(Reuters) - Fortis Inc (FTS.TO) has reached a friendly deal to buy Arizona-focused utility UNS Energy Corp UNS.N for about $2.5 billion in cash, the Canadian power company said on Wednesday, as it looks to expand its presence in the United States.
The $60.25 per share that Fortis is offering for UNS is a premium of 31.4 percent on UNS's Wednesday close of $45.84 on the New York Stock Exchange. The stock was up 30 percent at $59.40 in after market trading.
The deal, which still needs regulatory and shareholder approval, will also see Fortis take on about $1.8 billion of UNS debt. It is expected to close by the end of 2014.

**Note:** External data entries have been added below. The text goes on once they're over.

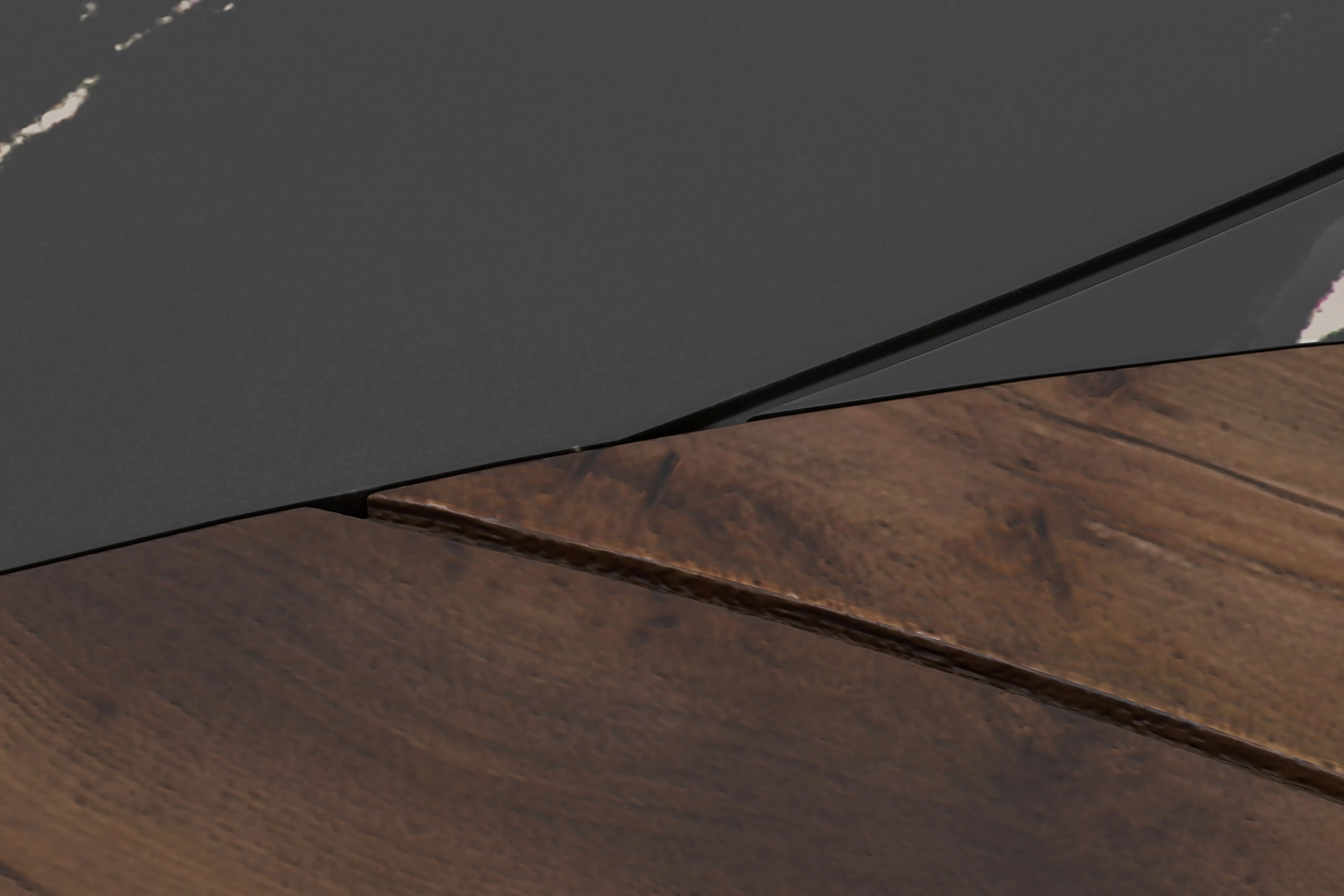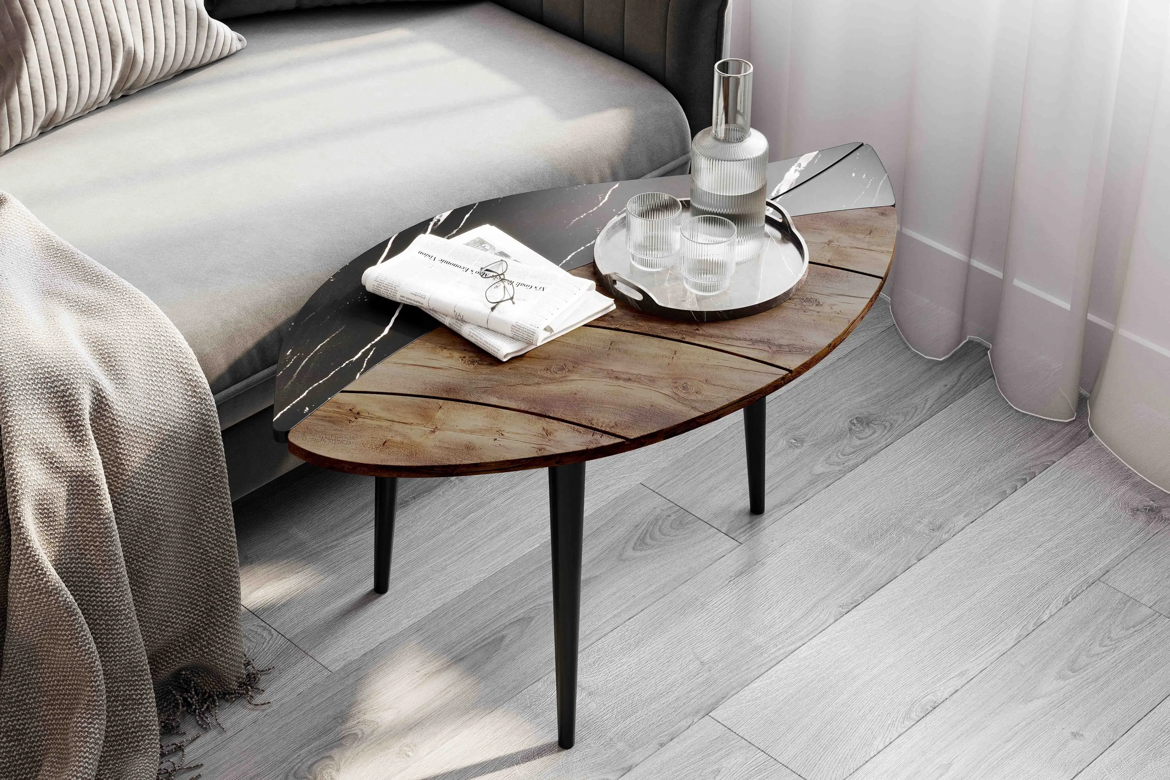 Особенностью дизайнерского решения журнального стола №17 является оригинальное сочетание фигурных элементов столешницы в форме листа дерева. Опоры выполнены из дерева.
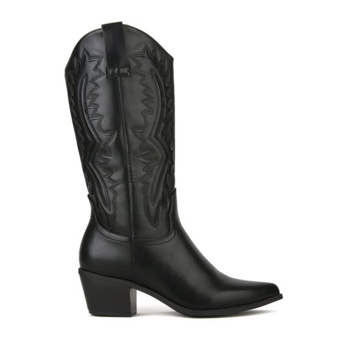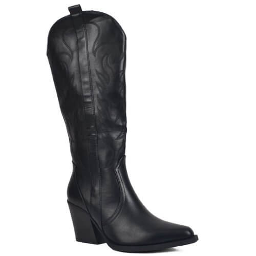 Μαύρη γυναικεία cowboy μπότα με τακούνι
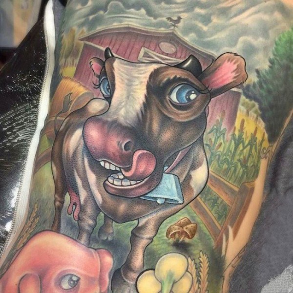 男生背部彩绘水彩素描创意大面积满背牛动物纹身图片
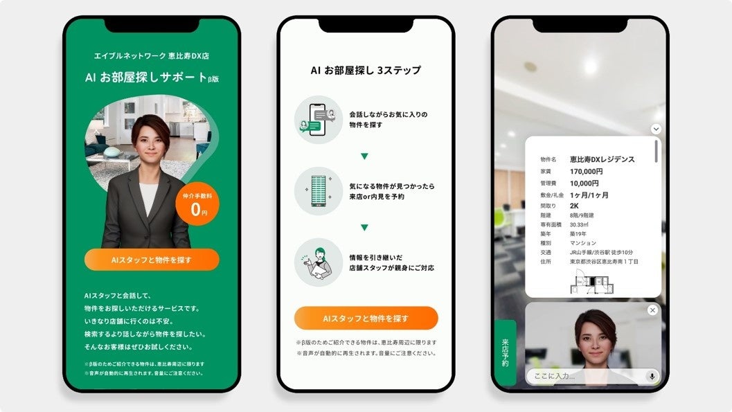 株式会社エイブル(本社:東京都港区、以下エイブル)は、ネットワーク店舗(フランチャイズ加盟店舗)として恵比寿に拠点を構える、エイブルネットワーク恵比寿DX店(デジタルトランスフォーメーション Digital Transformation:DX)にて、生成AIとデジタルヒューマンを活用した賃貸仲介サービスのトライアルを開始しました。
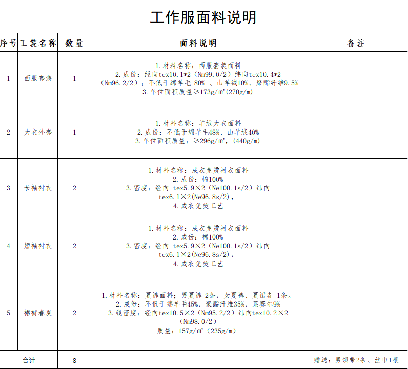 4.采購規(guī)模及內(nèi)容概述:眉山市東岸建設(shè)有限公司服裝采購共計(jì)61套(暫定)。
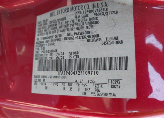 VIN 1FAFP40472F109710 may have been
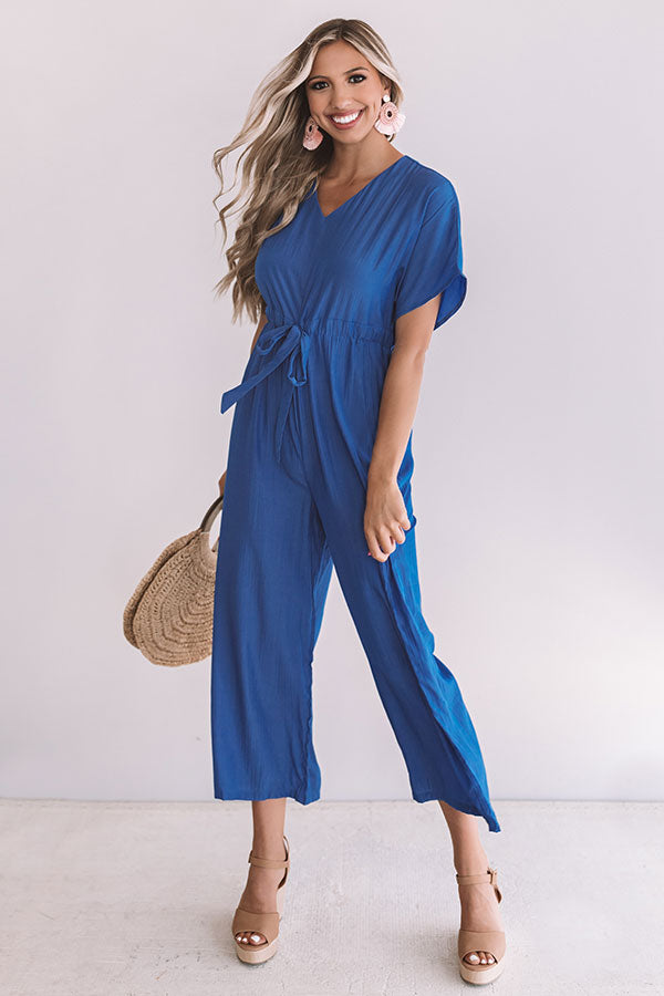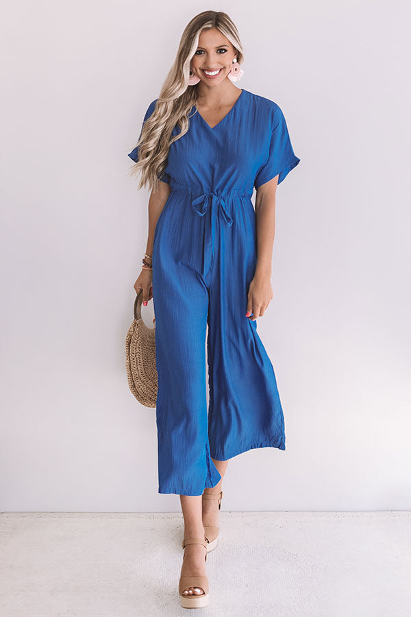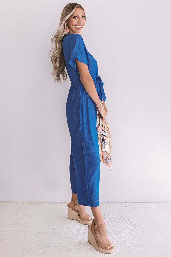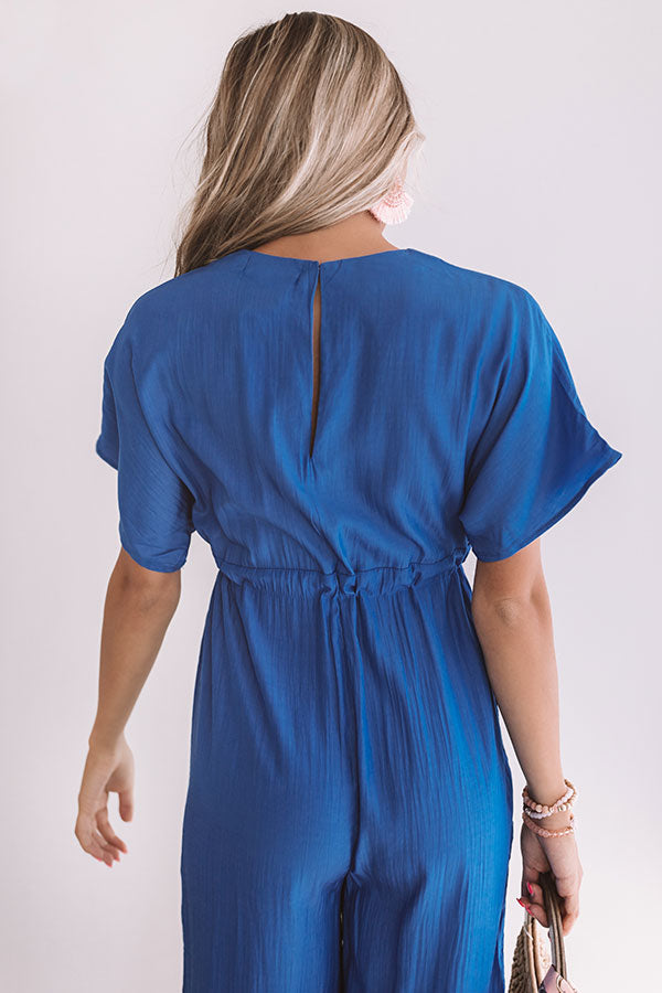 Wishing For Wine Satin Jumpsuit In Sapphire

UNS operates electric and gas systems that serve residential and commercial customers in southwestern United States, a region that is experiencing above-average economic growth, Fortis said.
"UNS is a well-run utility with an experienced management team," Fortis Chief Executive Stanley Marshall said on a conference call with investors. "The acquisition is expected to be accretive to EPS the first year of closing, including one-time acquisition-related expenses."
Marshall noted that the deal also adds to Fortis's geographical diversity, with no more than a third of total assets being in any single jurisdiction.
Newfoundland-based Fortis is one of Canada's largest gas and electric distribution utilities, serving more than 2.4 million customers across the country, as well as in New York State and the Caribbean.
With the acquisition of UNS, Fortis's total assets will increase by 33.5 percent to $23.5 billion, the company said.